The two posts from Joe Duffy that I linked above offer a wealth of concrete wisdom that should help put a good programmer on the right path. In particular, Duffy’s “myth” post has three detailed sections that offer constructive advice regarding data structure design, memory management, and synchronization strategies, where insightful architectural choices can make a huge difference on performance. (Additionally, implementation language and libraries choices can also have a significant impact on performance.)
To his advice, I would like to add a few more thoughts:
Memory management. malloc() and free() are surprisingly expensive. So, too, are runtime bookkeeping for reference counting and tracing GC, particularly with multi-threaded code. This is why I am so bullish about the prudent use of bump-pointer arena allocators, pools, single-owner (RAII) memory management, and borrowed references. That’s also why I am baking these performant mechanisms into Cone, and working hard to make them explicit and easy-to-use.
Data copying. Data is often copied around needlessly, potentially accompanied by costly additional allocations. Examples abound: string handling, immutable or persistent data structures, message passing, etc. The cost of copying can add up when it happens alot, especially for critical data structures that the code revolves around. This is why I am bullish about prudent use of slices and reusable, mutable data structures.
Indexing. A similar case can be made for reducing data structure indexing costs, especially for hashed data, through the use of borrowed references and (string) interning.

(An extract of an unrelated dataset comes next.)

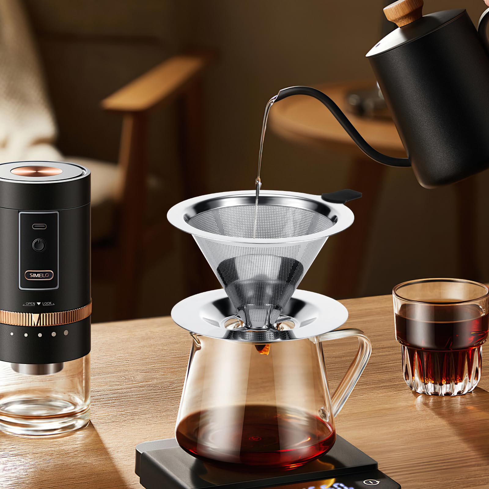 Il peut être plié rapidement après utilisation pour un rangement et un transport faciles. Réutilisable: Plus besoin d'utiliser des filtres en papier jetables, ils peuvent être recyclés de manière permanente, réduisant ainsi le gaspillage de ressources, étant respectueux de l'environnement et économique, et rentables pour une utilisation à long terme. Filtre à café réutilisable taille 4 acier inoxydable Que vous soyez en camping ou à l'hôtel, ce filtre à café réutilisable vous garantit une infusion riche et savoureuse partout où vous allez, sans occuper d’espace. Filtre pour la préparation du café entièrement en acier... Facile à utiliser: Ajoutez simplement de la poudre de café, puis versez lentement de l'eau chaude et le liquide de café s'écoulera lentement à travers le filtre. Filtre à café réutilisable PWSHYMI - 5 trous - Acier inoxydable Aucune étape compliquée n'est requise, vous permettant de profiter facilement de la saveur unique du café préparé à la main à tout moment et n'importe où. Facile à nettoyer: Le filtre à café a une surface lisse et le marc de café peut être nettoyé en un seul rinçage. Filtre Café Filtre à Café Réutilisable En Acier Inoxydable - Porte-filtre à Filtre Inox Pour Café Conception pliable: La conception unique permet au support de se déplier facilement et de s'adapter à la plupart des tasses. Petite taille et poids léger, facile à ranger et à transporter., 2., Le filtre à café est livré avec une cuillère à mélanger gratuite, l'ensemble parfait améliore la convivialité du produit., 3., Filtre en acier inoxydable 304 à double couche de haute qualité, ne nécessite plus de papier filtre, grande surface de filtration et conserve au maximum la saveur originale du café., 4., Nous nous engageons à offrir aux clients une expérience de magasinage agréable. Le filtre en acier inoxydable à double couche peut filtrer avec précision pour assurer une extraction uniforme de chaque goutte de café, tout en bloquant efficacement le marc de café fin, vous permettant de profiter du goût pur du café et du riche arôme naturel.

Data Oriented Design. Huge performance wins can be obtained by organizing data access in cache-friendly ways. Ideally, one wants to structure code to swiftly navigate a long cache line from front-to-back. This means avoiding certain common OOP design patterns, such as allocating each entity separately (vs. gathering them together in a single array object), virtual dispatch for handling each entity, and the liberal and unnecessary use of getters and setters.
I find it fascinating how much Joe Duffy and Herb Sutter echo Don Knuth’s warning about excessive optimization in the small, especially for imperceptible improvements that make the code more complex, and therefore harder to understand and maintain.
Yet, they enrich Knuth’s advice when insisting on the importance (when throughput matters) of investing time early and often to architecturally design for performance, particularly with regard to memory management, critical data structures, and synchronization strategies. Poor decisions here can multiply the widespread (and hard to detect) distribution of lots of tiny pieces of inefficient code. Getting it measurably right as you grow your software may take more time upfront, but it can potentially save you a lot of heartache and greater refactoring effort later on.
If you believe performance will ever matter, don’t let simplistic warnings about “premature optimization” prevent you from paying careful attention to the performance implications of your design and coding choices.